Decuypere Jean-Paul, Monaco Giovanni, Bultynck Geert, Missiaen Ludwig, De Smedt Humbert, Parys Jan B
Laboratory of Molecular and Cellular Signalling, Dept. Molecular and Cellular, campus Gasthuisberg O/N1 K.U.Leuven, Bus 802, B-3000 Leuven, Belgium.
Biochim Biophys Acta. 2011 May;1813(5):1003-13. doi: 10.1016/j.bbamcr.2010.11.023. Epub 2010 Dec 10.
The amount of Ca(2+) taken up in the mitochondrial matrix is a crucial determinant of cell fate; it plays a decisive role in the choice of the cell between life and death. The Ca(2+) ions mainly originate from the inositol 1,4,5-trisphosphate (IP(3))-sensitive Ca(2+) stores of the endoplasmic reticulum (ER). The uptake of these Ca(2+) ions in the mitochondria depends on the functional properties and the subcellular localization of the IP(3) receptor (IP(3)R) in discrete domains near the mitochondria. To allow for an efficient transfer of the Ca(2+) ions from the ER to the mitochondria, structural interactions between IP(3)Rs and mitochondria are needed. This review will focus on the key proteins involved in these interactions, how they are regulated, and what are their physiological roles in apoptosis, necrosis and autophagy. This article is part of a Special Issue entitled: 11th European Symposium on Calcium.
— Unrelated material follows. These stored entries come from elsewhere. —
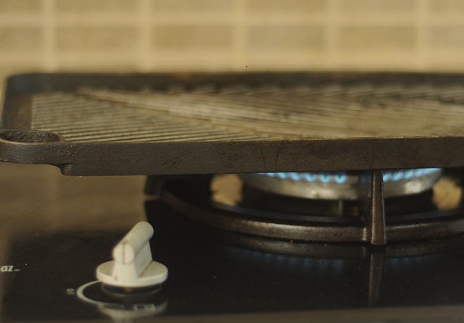 5. تسخين الشواء علي درجة حرارة متوسطة و عالية و الإنتظار حتي تصبح قضبان الشواء ساخنة قبل وضع السمك. و من الأفضل وضع السمك علي درجة حرارة متوسطة حتي لا يحترق جلد السمك قبل طهي السمك جيداً و يجب الحرص علي عدم وضع ذيل السمك بالقرب من النار حتي لا يحترق قبل طهي السمك تماماً .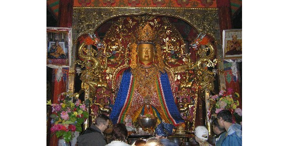 Вначале нас провели к площадке перед входом в верхнее помещение дворца, с рассказом о краткой его истории. Главным экскурсоводом по дворцу у нас был наш тибетский гид по имени Ту Тэн (или Чу Чэн). Много знает о Тибете вообще и о Буддизме в частности. Отвечает на любой заданный вопрос, не задумываясь. Переходя из одного зала в другой, гид рассказывал о хранящихся рукописях в библиотеке, о прахе всех Лам в истории Тибета, который находится в этом же дворце, о легендах и преданиях, попутно касаясь элементов философии буддизма. Кстати – во дворце свыше 400 помещений. И хорошо, что умно продумана система выходов с указательными знаками. Говорю так потому, что случилось мне отстать от группы, увлекшись фотографированием, и потребовалось напрячь воображение, чтобы выбраться наружу. Правда нет худа без добра – довелось побывать в комнатах, где группа не проходила и испытать влияние как положительной, так и отрицательной энергетики. Ощущение такое будто тебя причёсывают гребешком либо по шерсти, либо против. Минут через 15 блуждания выбрался таки на свет божий (кстати внутри монастыря цвета в основном красные и бардовые, что в общем то слегка давит на психику), вздохнув полной грудью. По пути попадалось много туристических групп в разных помещениях большинство из которых китайские, хотя были и англоязычные. Спустившись вниз, дождался возвращения всей нашей группы (кое кто вышел раньше – не выдержали энергетику), посетив близлежащие магазины. Впервые увидел серебряные и позолоченные статуэтки Будды. Очень тонкая и красивая работа. Цена, конечно, соответствующая. От ланча большинство отказалось – то ли от впечатлений, то ли от симптомов горной болезни, но решили ехать сразу же в летнюю резиденцию Далай Ламы – Норбулингка.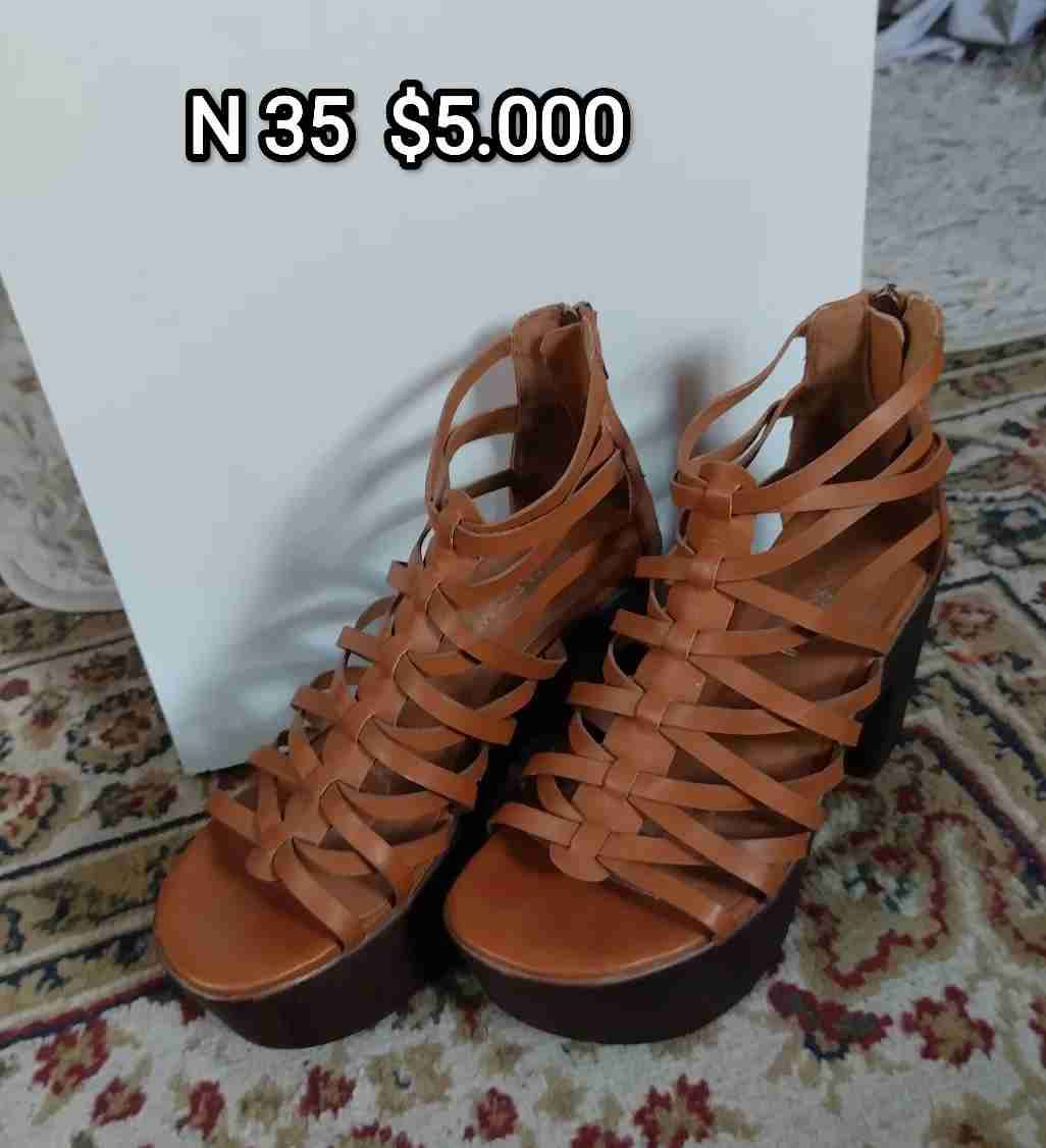 Sandalias de tiras color café, número 35. Ideales para ocasiones especiales.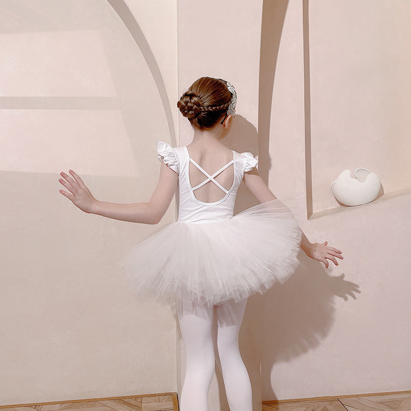 Children white ballet Princess dress Detachable Tutu Dance Costume girls cotton Ballet Leotards with Gauze Skirt

线粒体基质中摄取的Ca(2+)量是细胞命运的关键决定因素;它在细胞生死抉择中起决定性作用。Ca(2+)离子主要来源于内质网(ER)中对肌醇1,4,5-三磷酸(IP(3))敏感的Ca(2+)储存库。线粒体对这些Ca(2+)离子的摄取取决于IP(3)受体(IP(3)R)在线粒体附近离散区域的功能特性和亚细胞定位。为了使Ca(2+)离子从内质网高效转移到线粒体,IP(3)R与线粒体之间需要结构相互作用。本综述将聚焦于参与这些相互作用的关键蛋白、它们如何被调控以及它们在凋亡、坏死和自噬中的生理作用。本文是名为:第11届欧洲钙研讨会的特刊的一部分。